■ Task instructions ■
Copy the records below in full, keeping each word as it is but omitting the pictures.

++++ Given records

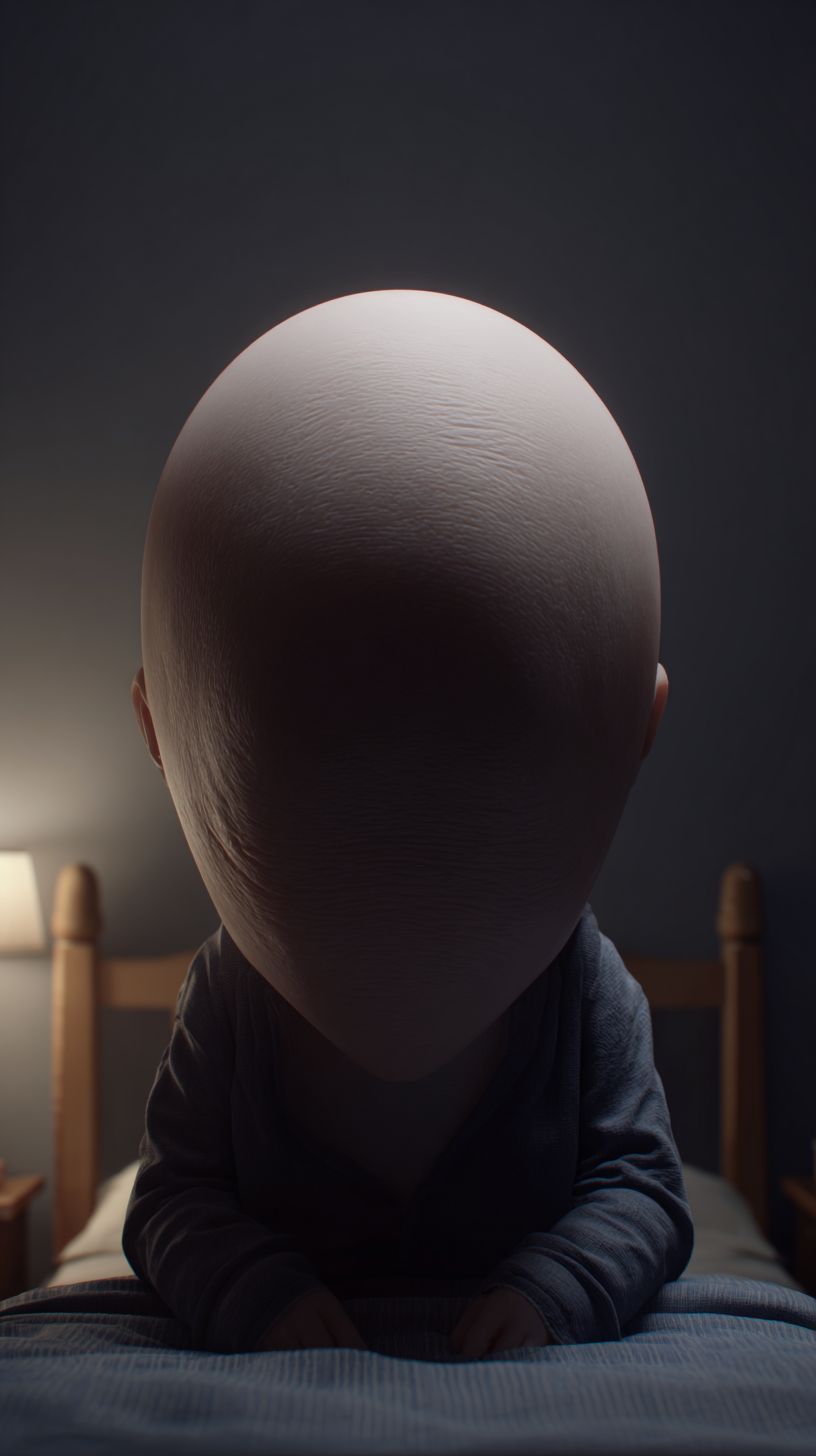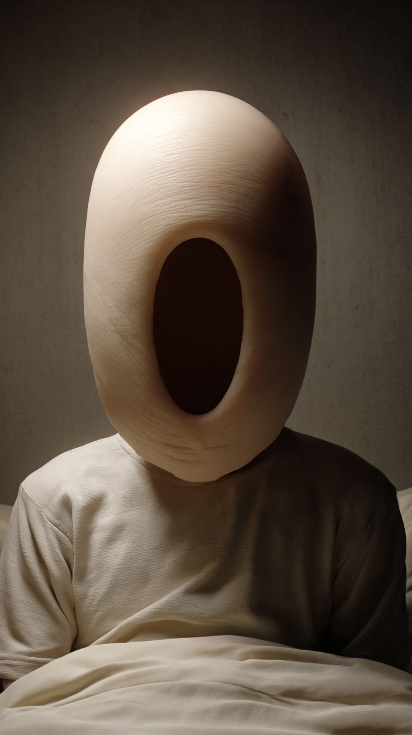 Close-up hiper-realista extremo da cabeça e ombros de um homem sem rosto, sentado na borda de uma cama à noite. Onde seu rosto deveria estar, existe apenas pele pálida, lisa e sem poros esticada sobre um vazio oval sem características — sem olhos, sem nariz, sem boca, apenas uma estranha extensão em branco refletindo uma fraca luz da lua. Um colar de pijama cinza amassado emoldura a base do pescoço; mechas de cabelo desgrenhado grudam na testa. Uma luz azul-petróleo, fria e tênue, das persianas quebradas esculpe linhas prateadas finas ao longo da pele em branco, aprofundando a ausência oca. Uma paleta dessaturada: cinzas acinzentados, azuis doentes, âmbar quase invisível de uma lâmpada moribunda. Textura de pele ultra-detalhada, micro-peles de galinha, grão de filme sutil, silêncio opressivo, resolução 8K, fotorealista, terror sufocante.
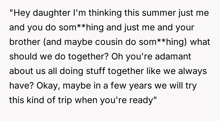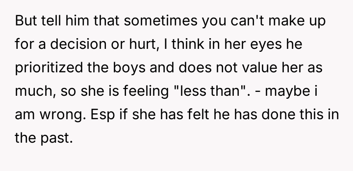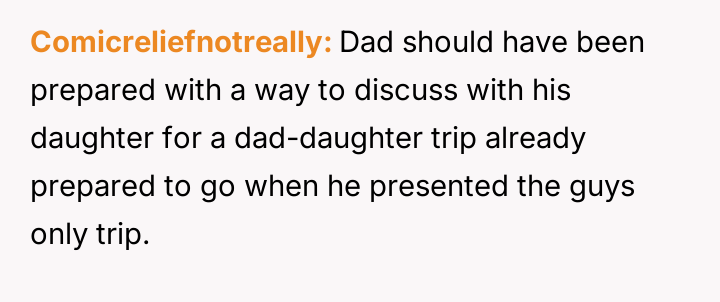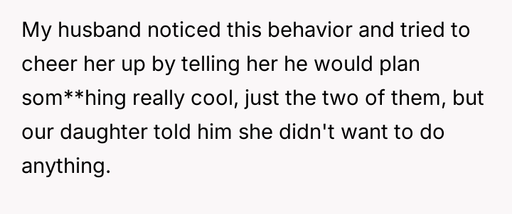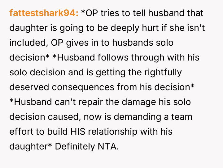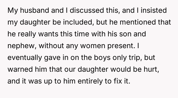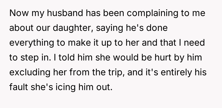 AITA for not helping my husband repair his relationship with our daughter after he excluded her from a "guys only trip"?
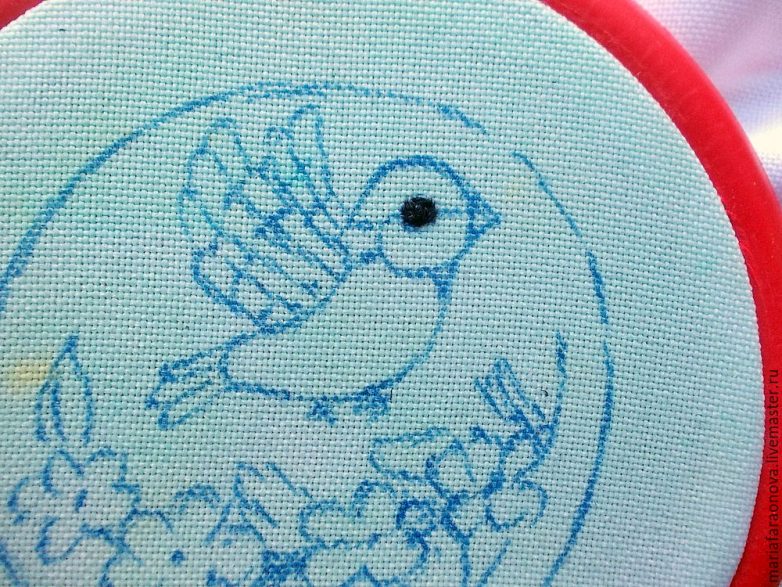 На ее основе я нарисовала схему. На кальке вычертила циркулем круг диаметром 5 см, птичку нужного мне размера перевела с экрана компьютера, внизу нарисовала от руки цветущую веточку с бутонами, после этого всё обвела маркером (чтобы удобно было переводить на ткань).
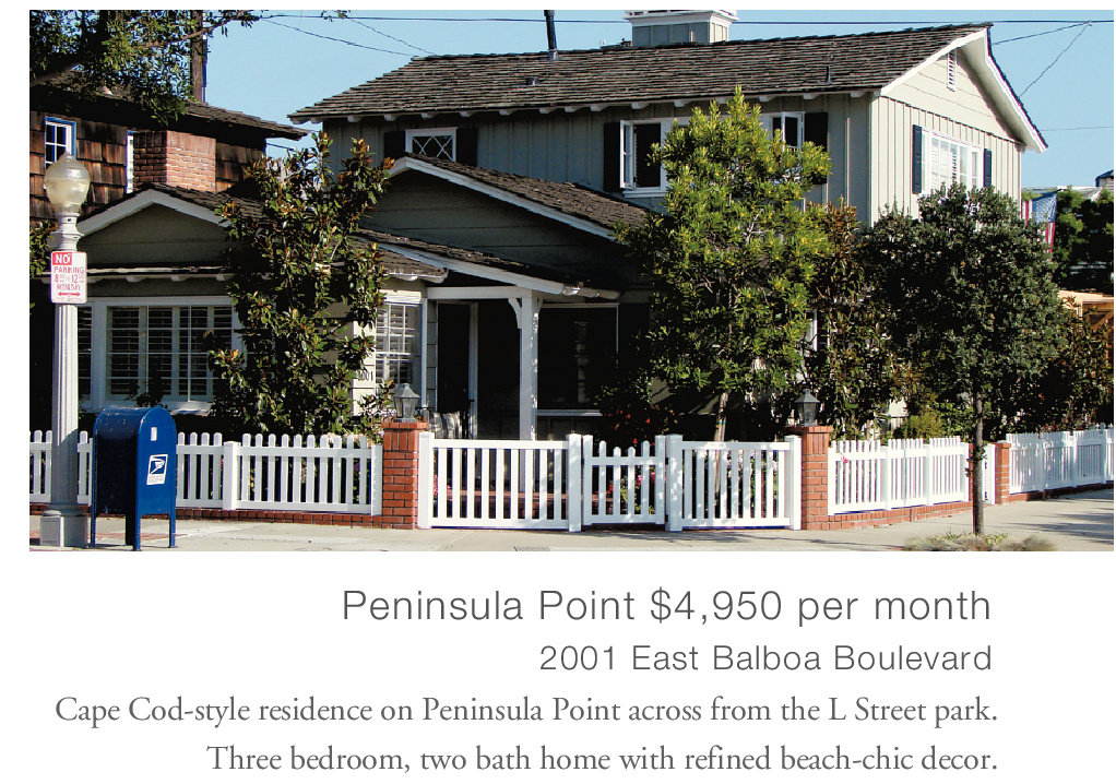 Peninsula Point $4,950 per month 2001 East Balboa Boulevard Cape Cod-style residence on Peninsula Point across from the L Street park.
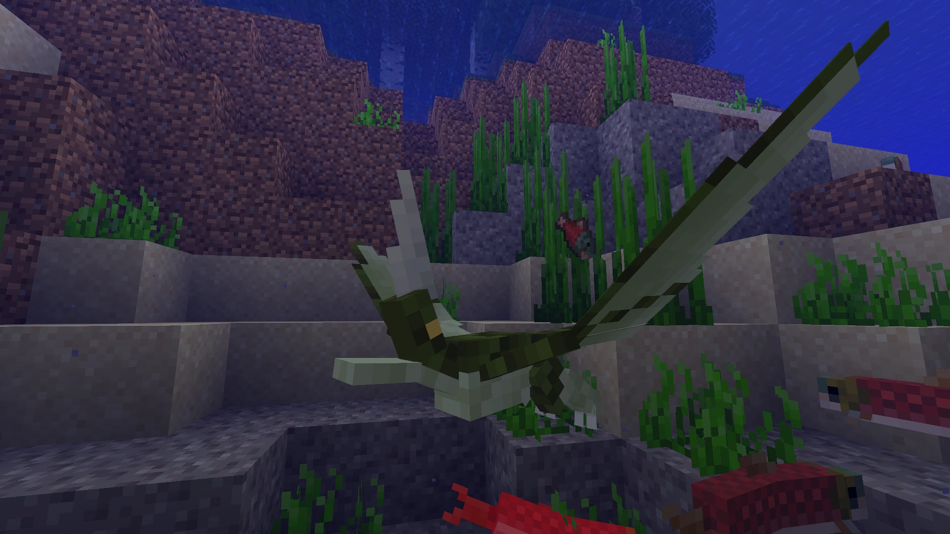 • Речной остророг — можно найти возле незамерзающих рек и на пляжах. Можно приручить с помощью ведра тропической рыбы и использовать флейту для дополнительного уровня контроля над вашими остророгами, например, отправить их ловить для вас рыбу или атаковать какого-либо моба. Также можно поместить одного на голову (нужно присесть, чтобы надеть или снять дракона). Имеет только ближние атаки.
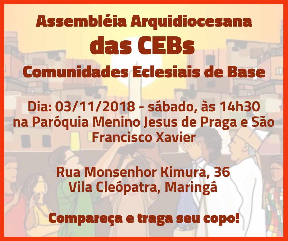 As CEBs (Comunidades Eclesiais de Base) da Arquidiocese de Maringá realizam assembleia arquidiocesana no próximo sábado, 03 de novembro, às 14h30 na paróquia Menino Jesus de Praga e São Francisco Xavier, em Maringá.
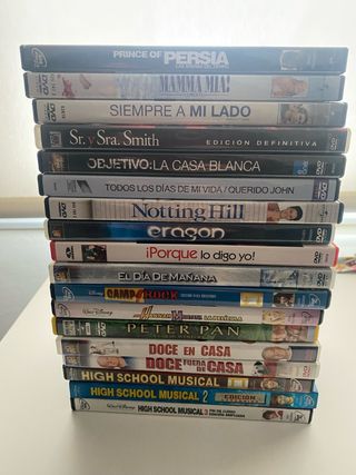 Lote de películas en formato DVD para disfrutar en casa. - Prince of Persia: Las Arenas del Tiempo - Mamma Mia! - Siempre a mi lado - Sr. y Sra. Smith - Objetivo: La Casa Blanca - Todos los días de mi vida / Querido John - Notting Hill - Eragon - ¡Porque lo digo yo! - El día de mañana - Camp Rock - Hannah Montana: La Película - Peter Pan: La Gran Aventura - Doce en casa - Doce fuera de casa - High School Musical - High School Musical 2 - High School Musical 3 - Saga Crepúsculo (5 pelis)
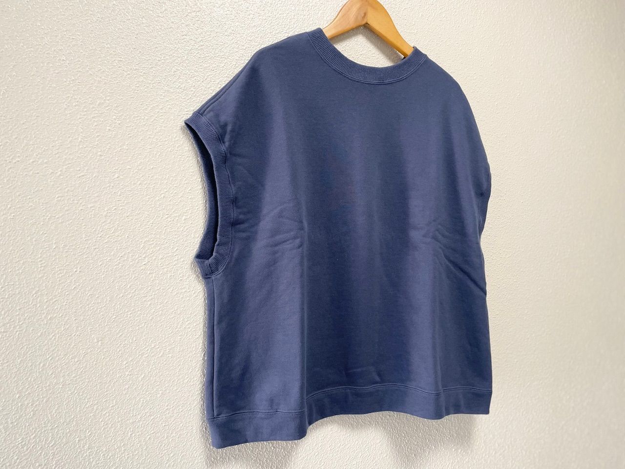 ゆったりと肩を覆う形のベストは

++++++++

■ Answer space ■
 Close-up hiper-realista extremo da cabeça e ombros de um homem sem rosto, sentado na borda de uma cama à noite. Onde seu rosto deveria estar, existe apenas pele pálida, lisa e sem poros esticada sobre um vazio oval sem características — sem olhos, sem nariz, sem boca, apenas uma estranha extensão em branco refletindo uma fraca luz da lua. Um colar de pijama cinza amassado emoldura a base do pescoço; mechas de cabelo desgrenhado grudam na testa. Uma luz azul-petróleo, fria e tênue, das persianas quebradas esculpe linhas prateadas finas ao longo da pele em branco, aprofundando a ausência oca. Uma paleta dessaturada: cinzas acinzentados, azuis doentes, âmbar quase invisível de uma lâmpada moribunda. Textura de pele ultra-detalhada, micro-peles de galinha, grão de filme sutil, silêncio opressivo, resolução 8K, fotorealista, terror sufocante.
 AITA for not helping my husband repair his relationship with our daughter after he excluded her from a "guys only trip"?
 На ее основе я нарисовала схему. На кальке вычертила циркулем круг диаметром 5 см, птичку нужного мне размера перевела с экрана компьютера, внизу нарисовала от руки цветущую веточку с бутонами, после этого всё обвела маркером (чтобы удобно было переводить на ткань).
 Peninsula Point $4,950 per month 2001 East Balboa Boulevard Cape Cod-style residence on Peninsula Point across from the L Street park.
 • Речной остророг — можно найти возле незамерзающих рек и на пляжах. Можно приручить с помощью ведра тропической рыбы и использовать флейту для дополнительного уровня контроля над вашими остророгами, например, отправить их ловить для вас рыбу или атаковать какого-либо моба. Также можно поместить одного на голову (нужно присесть, чтобы надеть или снять дракона). Имеет только ближние атаки.
 As CEBs (Comunidades Eclesiais de Base) da Arquidiocese de Maringá realizam assembleia arquidiocesana no próximo sábado, 03 de novembro, às 14h30 na paróquia Menino Jesus de Praga e São Francisco Xavier, em Maringá.
 Lote de películas en formato DVD para disfrutar en casa. - Prince of Persia: Las Arenas del Tiempo - Mamma Mia! - Siempre a mi lado - Sr. y Sra. Smith - Objetivo: La Casa Blanca - Todos los días de mi vida / Querido John - Notting Hill - Eragon - ¡Porque lo digo yo! - El día de mañana - Camp Rock - Hannah Montana: La Película - Peter Pan: La Gran Aventura - Doce en casa - Doce fuera de casa - High School Musical - High School Musical 2 - High School Musical 3 - Saga Crepúsculo (5 pelis)
 ゆったりと肩を覆う形のベストは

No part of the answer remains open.